## Requirement
Repeat the data precisely as given.

Dataset records:
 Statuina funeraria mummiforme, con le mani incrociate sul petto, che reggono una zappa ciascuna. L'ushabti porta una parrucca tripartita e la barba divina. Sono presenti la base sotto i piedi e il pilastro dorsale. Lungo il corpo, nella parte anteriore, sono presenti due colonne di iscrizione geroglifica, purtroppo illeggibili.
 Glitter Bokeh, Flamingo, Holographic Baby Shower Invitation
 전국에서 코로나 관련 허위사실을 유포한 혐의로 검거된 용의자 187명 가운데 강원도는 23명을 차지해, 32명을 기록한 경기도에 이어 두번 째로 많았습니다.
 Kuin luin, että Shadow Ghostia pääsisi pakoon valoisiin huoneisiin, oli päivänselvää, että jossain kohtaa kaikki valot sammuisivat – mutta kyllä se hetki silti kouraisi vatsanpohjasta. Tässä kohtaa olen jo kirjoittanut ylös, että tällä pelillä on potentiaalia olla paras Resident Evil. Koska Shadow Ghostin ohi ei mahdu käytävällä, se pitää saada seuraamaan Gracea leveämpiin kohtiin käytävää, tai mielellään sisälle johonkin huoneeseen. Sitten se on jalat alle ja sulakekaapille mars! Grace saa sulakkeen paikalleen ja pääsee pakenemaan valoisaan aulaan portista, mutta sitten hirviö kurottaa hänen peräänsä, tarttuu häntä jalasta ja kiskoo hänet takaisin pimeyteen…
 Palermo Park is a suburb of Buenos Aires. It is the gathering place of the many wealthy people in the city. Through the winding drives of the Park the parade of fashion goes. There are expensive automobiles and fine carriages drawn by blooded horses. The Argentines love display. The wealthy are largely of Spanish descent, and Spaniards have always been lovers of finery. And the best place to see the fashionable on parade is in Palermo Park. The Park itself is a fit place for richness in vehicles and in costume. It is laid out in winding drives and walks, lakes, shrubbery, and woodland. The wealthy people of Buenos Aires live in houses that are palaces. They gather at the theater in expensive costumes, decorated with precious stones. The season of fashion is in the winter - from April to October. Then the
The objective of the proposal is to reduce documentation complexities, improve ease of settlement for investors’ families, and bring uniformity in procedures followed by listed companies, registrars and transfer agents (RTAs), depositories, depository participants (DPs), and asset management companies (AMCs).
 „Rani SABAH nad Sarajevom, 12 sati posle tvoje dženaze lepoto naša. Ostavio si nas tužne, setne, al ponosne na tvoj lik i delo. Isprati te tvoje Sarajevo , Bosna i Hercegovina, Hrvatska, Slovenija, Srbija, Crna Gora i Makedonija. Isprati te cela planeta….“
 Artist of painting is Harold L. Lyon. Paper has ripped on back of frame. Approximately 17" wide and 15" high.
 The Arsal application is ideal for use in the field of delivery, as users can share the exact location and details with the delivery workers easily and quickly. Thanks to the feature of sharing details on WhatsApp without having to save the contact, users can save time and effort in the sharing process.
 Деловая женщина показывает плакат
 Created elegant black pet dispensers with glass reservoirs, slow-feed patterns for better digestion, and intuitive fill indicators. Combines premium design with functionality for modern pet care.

## Task solution
 Statuina funeraria mummiforme, con le mani incrociate sul petto, che reggono una zappa ciascuna. L'ushabti porta una parrucca tripartita e la barba divina. Sono presenti la base sotto i piedi e il pilastro dorsale. Lungo il corpo, nella parte anteriore, sono presenti due colonne di iscrizione geroglifica, purtroppo illeggibili.
 Glitter Bokeh, Flamingo, Holographic Baby Shower Invitation
 전국에서 코로나 관련 허위사실을 유포한 혐의로 검거된 용의자 187명 가운데 강원도는 23명을 차지해, 32명을 기록한 경기도에 이어 두번 째로 많았습니다.
 Kuin luin, että Shadow Ghostia pääsisi pakoon valoisiin huoneisiin, oli päivänselvää, että jossain kohtaa kaikki valot sammuisivat – mutta kyllä se hetki silti kouraisi vatsanpohjasta. Tässä kohtaa olen jo kirjoittanut ylös, että tällä pelillä on potentiaalia olla paras Resident Evil. Koska Shadow Ghostin ohi ei mahdu käytävällä, se pitää saada seuraamaan Gracea leveämpiin kohtiin käytävää, tai mielellään sisälle johonkin huoneeseen. Sitten se on jalat alle ja sulakekaapille mars! Grace saa sulakkeen paikalleen ja pääsee pakenemaan valoisaan aulaan portista, mutta sitten hirviö kurottaa hänen peräänsä, tarttuu häntä jalasta ja kiskoo hänet takaisin pimeyteen…
 Palermo Park is a suburb of Buenos Aires. It is the gathering place of the many wealthy people in the city. Through the winding drives of the Park the parade of fashion goes. There are expensive automobiles and fine carriages drawn by blooded horses. The Argentines love display. The wealthy are largely of Spanish descent, and Spaniards have always been lovers of finery. And the best place to see the fashionable on parade is in Palermo Park. The Park itself is a fit place for richness in vehicles and in costume. It is laid out in winding drives and walks, lakes, shrubbery, and woodland. The wealthy people of Buenos Aires live in houses that are palaces. They gather at the theater in expensive costumes, decorated with precious stones. The season of fashion is in the winter - from April to October. Then the
The objective of the proposal is to reduce documentation complexities, improve ease of settlement for investors’ families, and bring uniformity in procedures followed by listed companies, registrars and transfer agents (RTAs), depositories, depository participants (DPs), and asset management companies (AMCs).
 „Rani SABAH nad Sarajevom, 12 sati posle tvoje dženaze lepoto naša. Ostavio si nas tužne, setne, al ponosne na tvoj lik i delo. Isprati te tvoje Sarajevo , Bosna i Hercegovina, Hrvatska, Slovenija, Srbija, Crna Gora i Makedonija. Isprati te cela planeta….“
 Artist of painting is Harold L. Lyon. Paper has ripped on back of frame. Approximately 17" wide and 15" high.
 The Arsal application is ideal for use in the field of delivery, as users can share the exact location and details with the delivery workers easily and quickly. Thanks to the feature of sharing details on WhatsApp without having to save the contact, users can save time and effort in the sharing process.
 Деловая женщина показывает плакат
 Created elegant black pet dispensers with glass reservoirs, slow-feed patterns for better digestion, and intuitive fill indicators. Combines premium design with functionality for modern pet care.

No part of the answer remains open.